### DESCRIPTION OF THE TASK
Below are the records; print them again exactly and omit the pictures.

Items from a data source
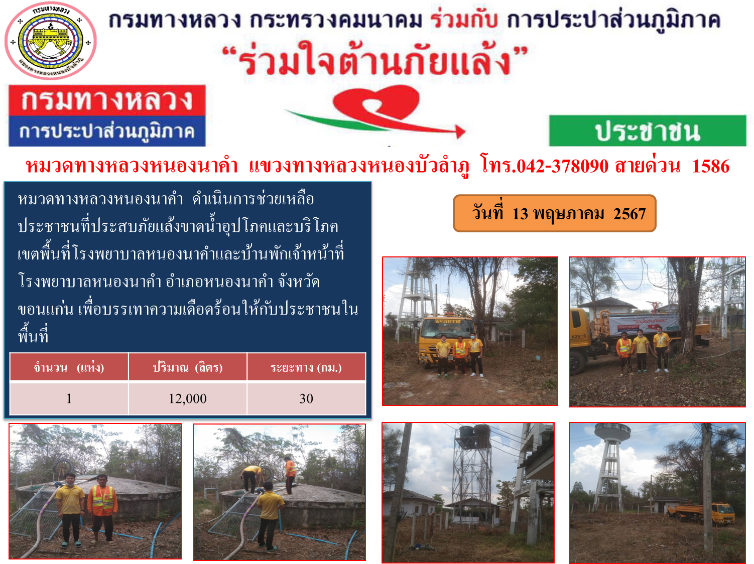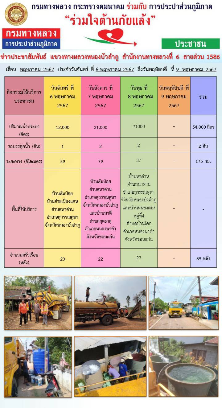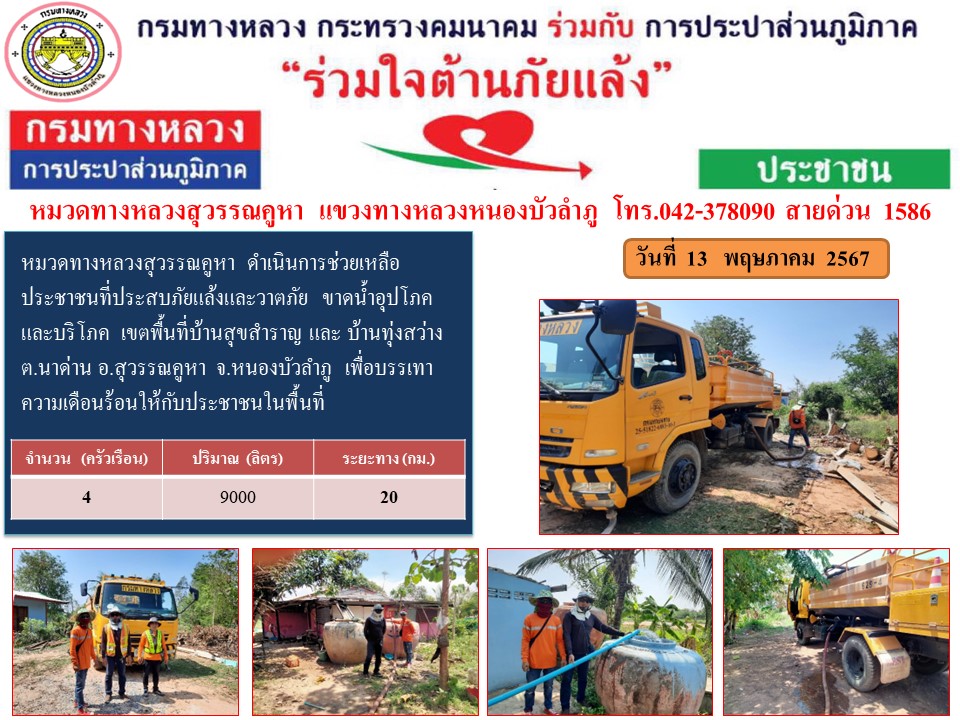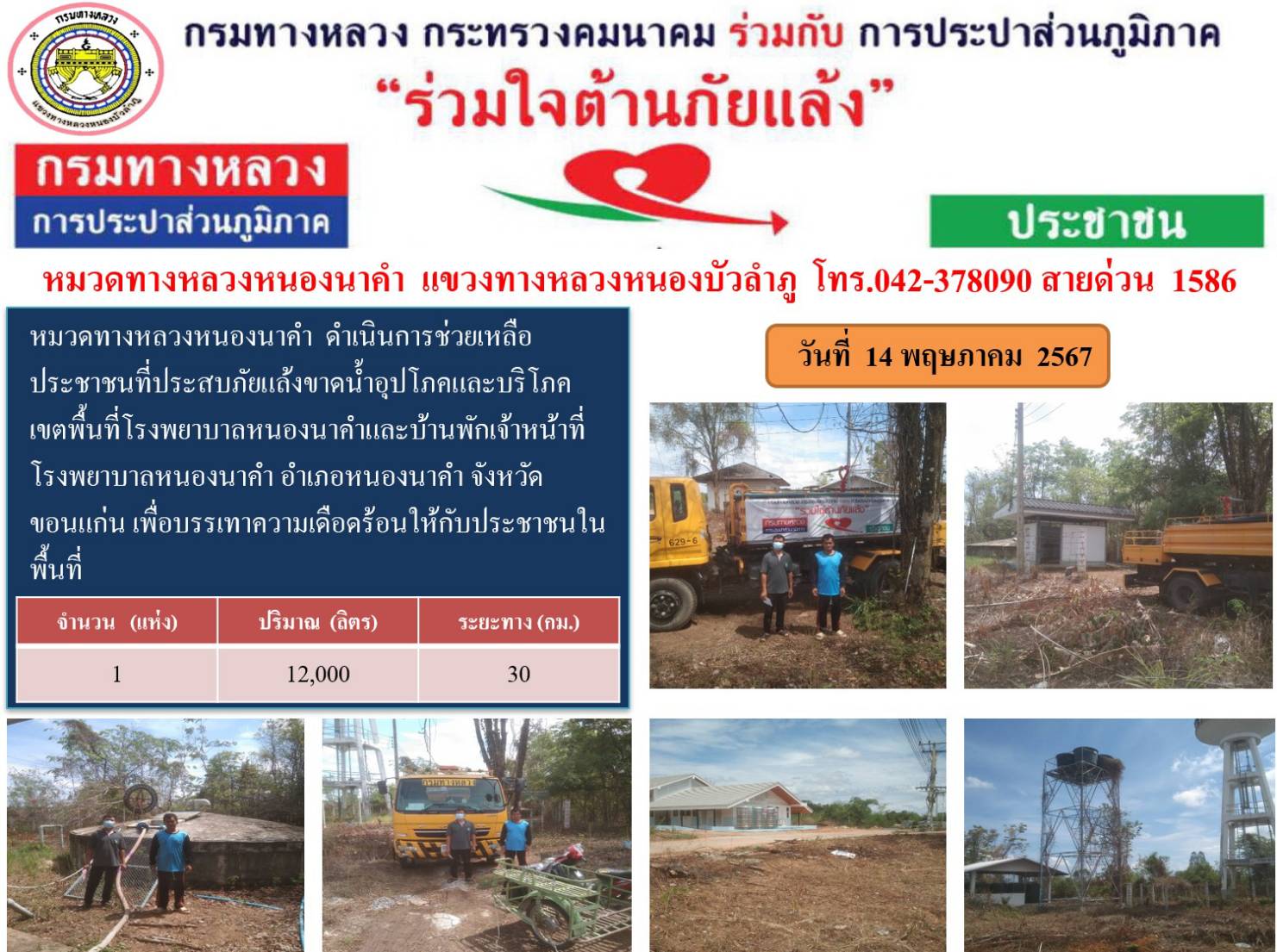 ข้อมูลข่าว : แขวงทางหลวงหนองบัวลำภู ร่วมใจต้านภัยแล้ง ปี 2567
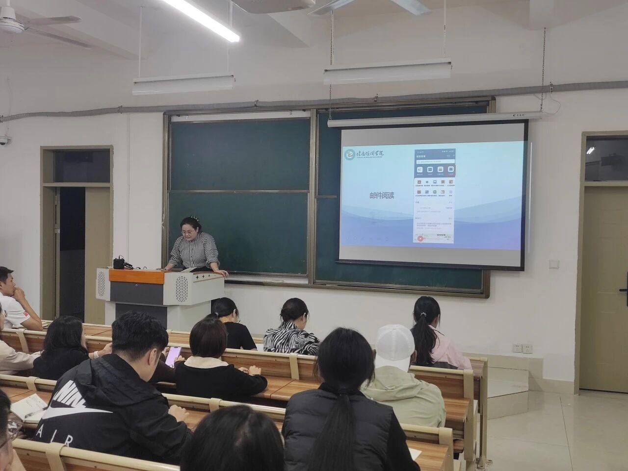 会上,办公室陈钰倩副主任聚焦 “智慧泉海”平台使用规范开展专题培训。她通过录屏演示,详细讲解了OA邮件阅读状态核查、文件转发等实操流程,并明确平台使用考核要求,提醒全体教职工严格遵守使用规范。
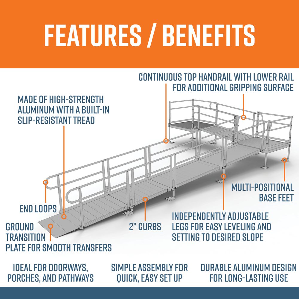 Constructed from high-strength aluminum with an extruded tread for all-weather traction, the ramp kit features multi-positional base feet with independently-adjustable legs so that setting the slope and leveling the ramp is as easy as possible. The lower plate ensure smooth ramp-to-ground transitions for mobility devices, and both the 2” curbs and two-tier handrails provide additional safety and security whether wheeling or walking. The flush finished sides have no protruding pieces in the ramp area to prevent catching.
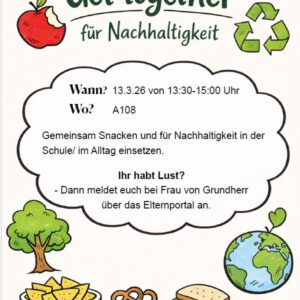 - „Natürlich engagiert“ lädt ein zum „Get Together“Am 13. März 2026 von 13.30 Uhr – 15.00 Uhr treffen wir uns in A108, und wir vom Wahlkurs stellen kurz einige Projekte zum Thema Nachhaltigkeit an unserer Schule vor.Anschließend… „Natürlich engagiert“ lädt ein zum „Get Together“ weiterlesen
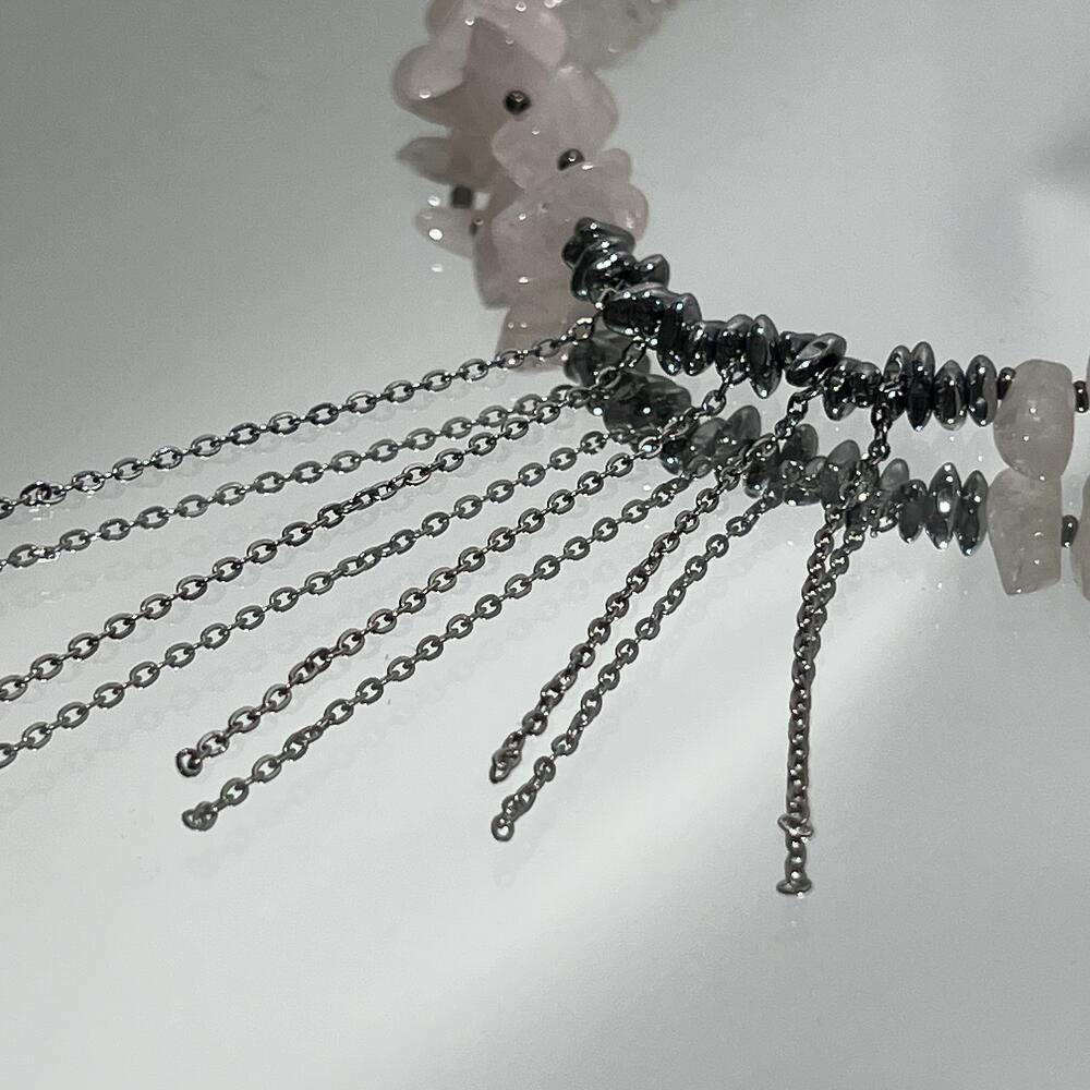 Cuarzo rosa Hematites Cuerda de joyería Metal
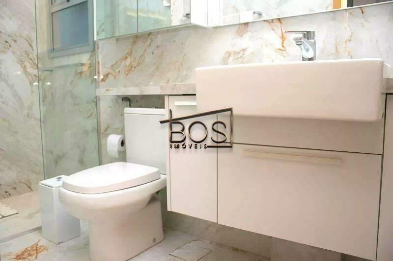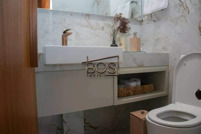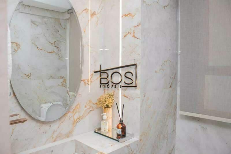 - Lavabo com espelho, bancada e piso em porcelanato italiano
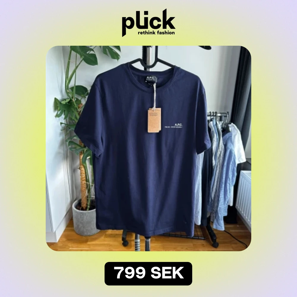 Mörkblå Tshirt ifrån APC, köpt i NYC butiken. Sprillans (tags sitter kvar), digitalt kvitto och påse kan medfölja vid förfrågan. Nypris $130/1300kr
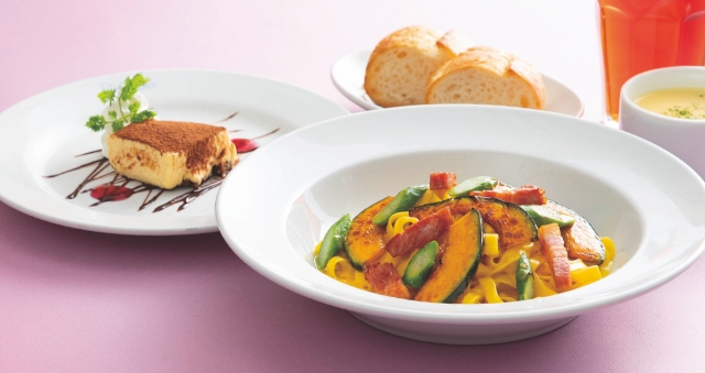 和洋折衷の本格パスタを得意とするペルコラで、秋の食材を使った選べる生パスタが天王寺ミオ限定のお得なセットメニューに。スープ、パン、ドリンクと、選べる日替わりデザートが付いています。その他、ピザのメニューも豊富。天王寺・阿倍野エリアでイタリアン気分の時はぜひこちらで♪
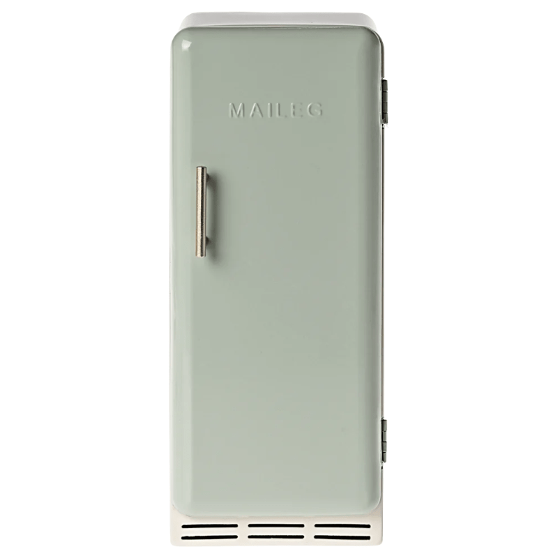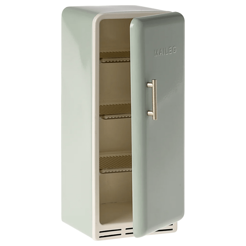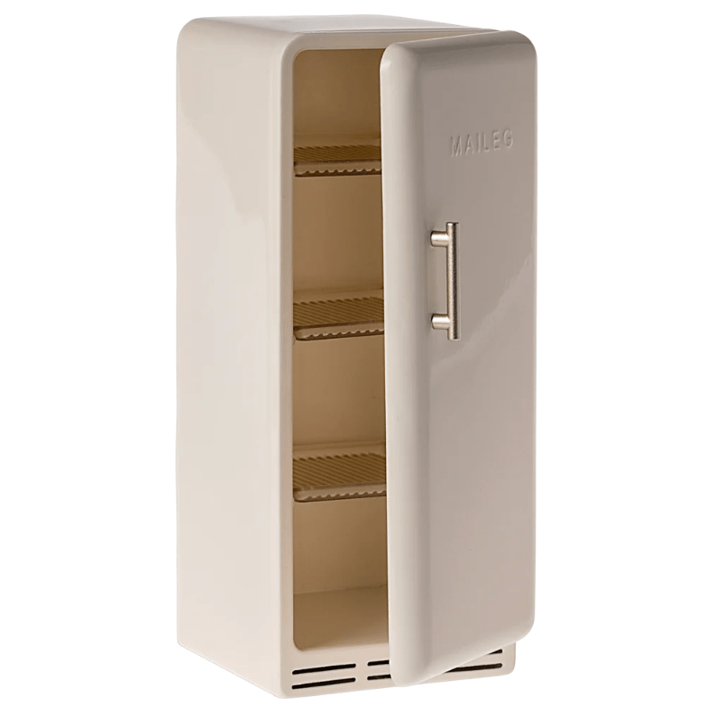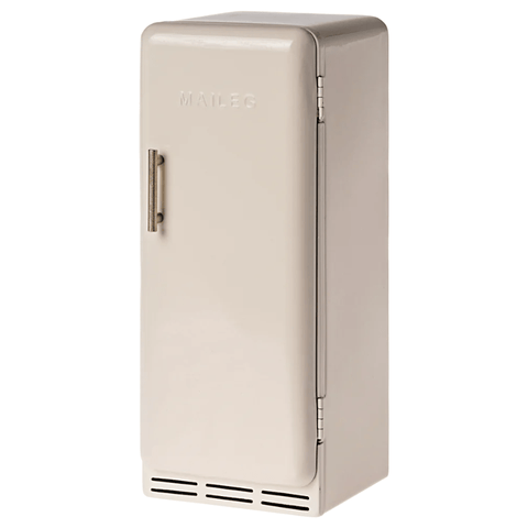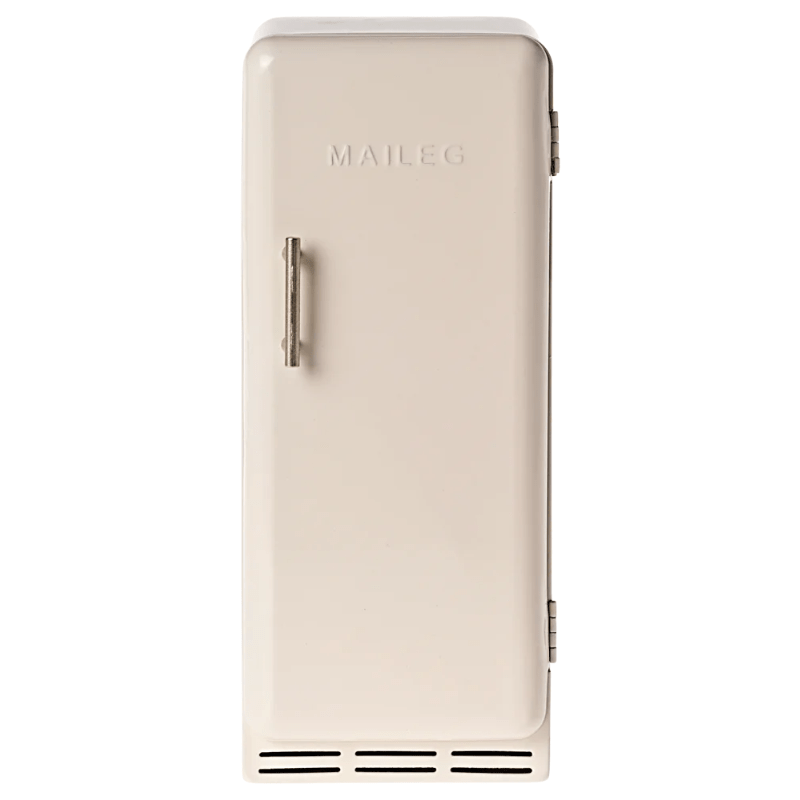 An old fashioned fridge that fits perfectly into the House of miniature dollhouse. The fridge is made in metal with magnetic lock and frosted shelves inside. A great addition to this fridge is our Miniature grocery box.
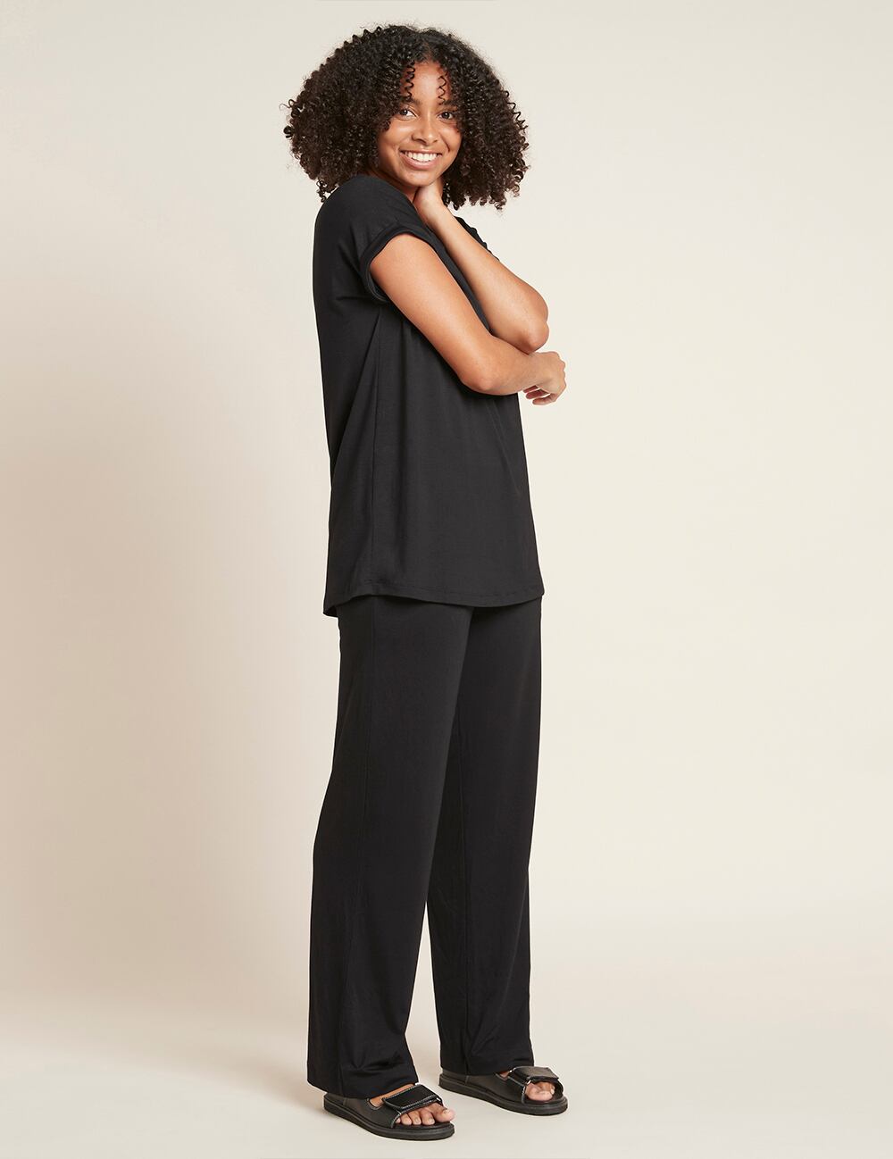 ダウンタイム ラウンジトップでくつろぎませんか。自宅でゆったりする時、あるいはお気に入りのジーンズと組み合わせた気軽なカジュアルスタイルに最適です。ゆるいカーブを描く襟ぐりと、ロールアップのカフスリーブ、裾・後身頃・ネックバンドのカバーステッチのディテールが特長で、この快適なラウンジトップで過ごす一日が楽しみになるでしょう。オーガニックバンブー生まれの通気性に優れたルームウェアは、極上の柔らかさと環境への優しさを兼ね備えています。

### ANSWER AREA
 ข้อมูลข่าว : แขวงทางหลวงหนองบัวลำภู ร่วมใจต้านภัยแล้ง ปี 2567
 会上,办公室陈钰倩副主任聚焦 “智慧泉海”平台使用规范开展专题培训。她通过录屏演示,详细讲解了OA邮件阅读状态核查、文件转发等实操流程,并明确平台使用考核要求,提醒全体教职工严格遵守使用规范。
 Constructed from high-strength aluminum with an extruded tread for all-weather traction, the ramp kit features multi-positional base feet with independently-adjustable legs so that setting the slope and leveling the ramp is as easy as possible. The lower plate ensure smooth ramp-to-ground transitions for mobility devices, and both the 2” curbs and two-tier handrails provide additional safety and security whether wheeling or walking. The flush finished sides have no protruding pieces in the ramp area to prevent catching.
 - „Natürlich engagiert“ lädt ein zum „Get Together“Am 13. März 2026 von 13.30 Uhr – 15.00 Uhr treffen wir uns in A108, und wir vom Wahlkurs stellen kurz einige Projekte zum Thema Nachhaltigkeit an unserer Schule vor.Anschließend… „Natürlich engagiert“ lädt ein zum „Get Together“ weiterlesen
 Cuarzo rosa Hematites Cuerda de joyería Metal
 - Lavabo com espelho, bancada e piso em porcelanato italiano
 Mörkblå Tshirt ifrån APC, köpt i NYC butiken. Sprillans (tags sitter kvar), digitalt kvitto och påse kan medfölja vid förfrågan. Nypris $130/1300kr
 和洋折衷の本格パスタを得意とするペルコラで、秋の食材を使った選べる生パスタが天王寺ミオ限定のお得なセットメニューに。スープ、パン、ドリンクと、選べる日替わりデザートが付いています。その他、ピザのメニューも豊富。天王寺・阿倍野エリアでイタリアン気分の時はぜひこちらで♪
 An old fashioned fridge that fits perfectly into the House of miniature dollhouse. The fridge is made in metal with magnetic lock and frosted shelves inside. A great addition to this fridge is our Miniature grocery box.
 ダウンタイム ラウンジトップでくつろぎませんか。自宅でゆったりする時、あるいはお気に入りのジーンズと組み合わせた気軽なカジュアルスタイルに最適です。ゆるいカーブを描く襟ぐりと、ロールアップのカフスリーブ、裾・後身頃・ネックバンドのカバーステッチのディテールが特長で、この快適なラウンジトップで過ごす一日が楽しみになるでしょう。オーガニックバンブー生まれの通気性に優れたルームウェアは、極上の柔らかさと環境への優しさを兼ね備えています。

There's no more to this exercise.